When water pools around metal, it will over time lead to rust. If there is excess moisture in any part of your dryer that you can’t get to and clean, you may be faced with a buildup of mould that can both damage your machine and make your clothes smell bad. 

The longer the problem persists, the higher the chances your dryer will break down sooner rather than later. 

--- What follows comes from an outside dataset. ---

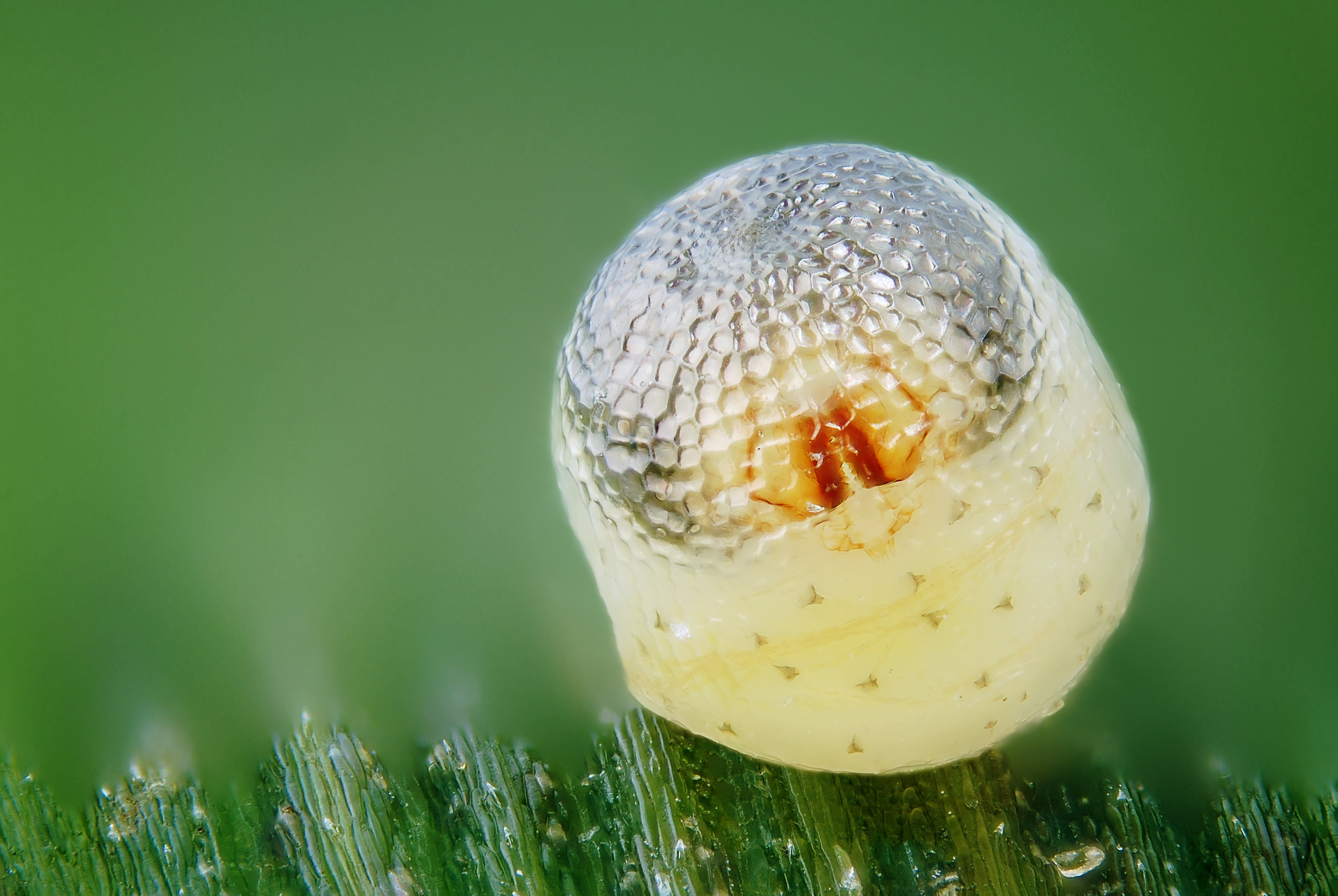 Egg of the butterfly Pararge aegeria with embryo / caterpillar visible by transparency. You can see through the egg shell the head capsel (blackish) with the ocelli (eyes), the mandibles (reddish) with labial palps and the base of the caterpillar body bristles (grayish dots on the lower part) Scale : egg height = 1 mm, egg width = 0.9 mm Technical settings : - focus stack of 100 images - microscope objective (Nikon achromatic 10x 160/0.25) on bellow (70 mm extension)

How to Dry Soaking Wet Clothes

If your clothes have come out of the washer soaking wet, there are a couple of things you can do:

  • Run an extra spin cycle: if your clothing allows it, you can run an extra cycle and spin the water out. Sometimes washers don’t do a good job the first time around, but can take care of business when you re-run a stronger spin cycle. 
  • Hand-wring your clothes: if the items are delicate, you can wring them out by hand. Be gentle and squeeze the excess water out slowly. You don’t need to twist or roll them up, just apply pressure to different areas. 
  • Roll them into a towel: use a large dry towel to soak up the extra water from your clothes. Just roll individual pieces of clothing into the towel like a burrito and squeeze. 
  • Hang them out to dry: you can also hang your items on a clothesline and allow most of the water to drip out. Place delicate items that are prone to losing their shape on a flat surface (and place a towel underneath), and let them air dry for a couple of hours. You can finish the drying process in the dryer later. 

Wrapping It Up 

Don’t place soaking wet clothing in the dryer, as not only will your energy bill skyrocket, you may also end up with semi-dry, stiff and smelly items.